The following video shows the groups of bees and pans to the hole in the Big Tree where the original colony resides. Hopefully you can get an idea of the short distance they had traveled.

The next video shows three of the groups, and gives an idea of the amount of activity surrounding the swarms.

On Day Two, the bees had made one larger swarm instead of the smaller groups.

One Group

One Group

Here’s a video showing the swarm on Day Two, blowing in a pretty good wind but holding on tight!

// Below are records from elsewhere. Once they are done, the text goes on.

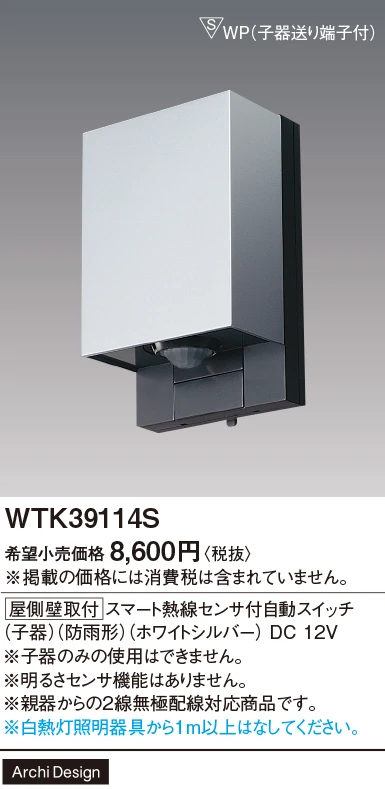 品番:WTK39114S品名:[屋側壁取付]スマート熱線センサ付自動スイッチ(子器)(防雨形)(ホワイトシルバー)
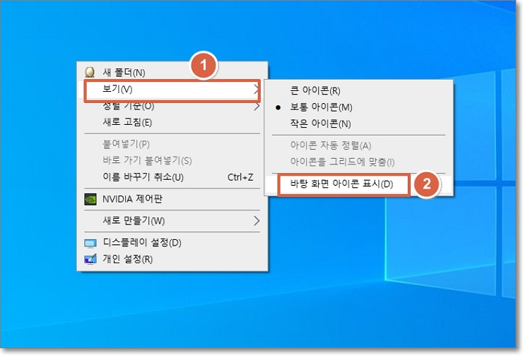 윈도우 10 바탕화면 아이콘 사라짐, 설정 방법
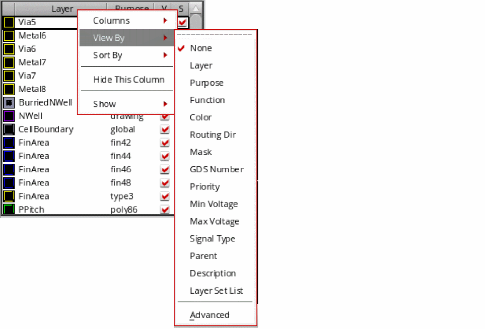 In the Layers panel, you can displays layer-purpose pairs in a tree structure by grouping them based on a single or multiple columns. For example, you can choose to display layers-purpose pairs based on the Layer column. This groups the layers with the same name, but different purposes. This helps you to quickly control the visibility and selectability of a layer and all the purposes associated with that layer. For example, if Metal1 layer has different purposes such as drawing, slot, and label, you can control the visibility and selectability of all Metal1 layer-purpose pairs together by selecting or deselecting the V (Visibility) and S (Selectability) check boxes corresponding to the Metal1 layer. You can also modify the visibility and selectability of individual layer-purpose pairs, if required.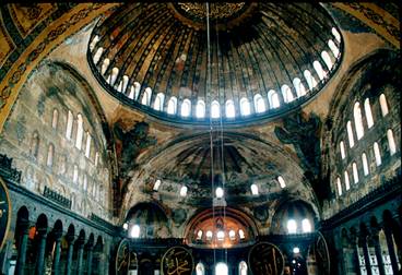 Dopo la conquista di Costantinopoli da parte dei Turchi (1453), l'Hagia Sophia fu trasformata in moschea e vi furono aggiunti i minareti, che sono ancora agli angoli. Furono allo stesso tempo tolti l'altare e le immagini sacre, e i mosaici parietali furono intonacati.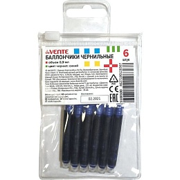 Набор сменных картриджей для перьевой ручки. Цвет чернил - синий, в упаковке 6 шт. Сменные картриджи с чернилами позволяют легко и просто заправить перьевую ручку, при этом не испачкавшись. 0.9 мл, диаметр баллончика 3.4 мм, высота 5 см, в пластиковой сумочке на молнии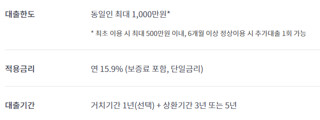 최초 이용시 최대 500만원 이내로 대출금이 산정되며, 대출 실행 후 6개월간 성실시 상환하는 경우 1회에 한해 500만원의 추가 대출을 받을 수 있습니다.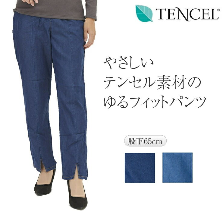 やさしい ゆったり パンツ テンセル デニム レディース 【 カジュアルパンツ ヒップアップ ハイウエスト ゴムズボン レディースパンツ ズボン ゴムパンツ 体型カバー ウエストゴム ワイド テンセル70% 股下65 ネイビー フェード 】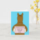 En tecknad av en leende brun häst som håller ett tecken mellan dess framhuvar. På skylten står det "Grattisar för att få din nya häst för sällskapsdjur".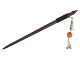 Jehlice do vlasů 18,5 cm, dřevo, zvonek, korálek - Červený

On Day Three, July 1, the bees moved to the nearby apple trees and started dropping like flies. (A swarm in July isn’t worth a fly!) I was really concerned. Why hadn’t they found a new place to live yet? Would they all die?

In the apple tree

In the apple tree

Dropping like flies.

Dropping like flies.

Dead bee

Dead bee

On Day Four, the death rate seemed to plummet but the bees were still in the apple tree.  I called the Boulder County Beekeepers’ Association. The nice man I spoke with calmed me down. It is normal for a colony to swarm several times in a season, and in fact it was good news because it meant that the bees were doing well enough to split many times. He said that since the bees fill up on honey, they can usually survive three or four days before they have to find a new place to live. I explained that it had already been four days, and I didn’t know if I could do anything to help them in any way. He gave me the names of some beekeepers who would probably like a free swarm.

I thought, well, at least the bees would have a good home! But I waited one more day.

On Day Five, the bees were gone. That is, except for about dozen who seemed quite attached to the apple tree. I couldn’t quite tell what they were doing there, but Phil and I could see a few bees in the same spot for many days afterwards.

There are still bees in the Big Tree. All’s well that ends well. Whew!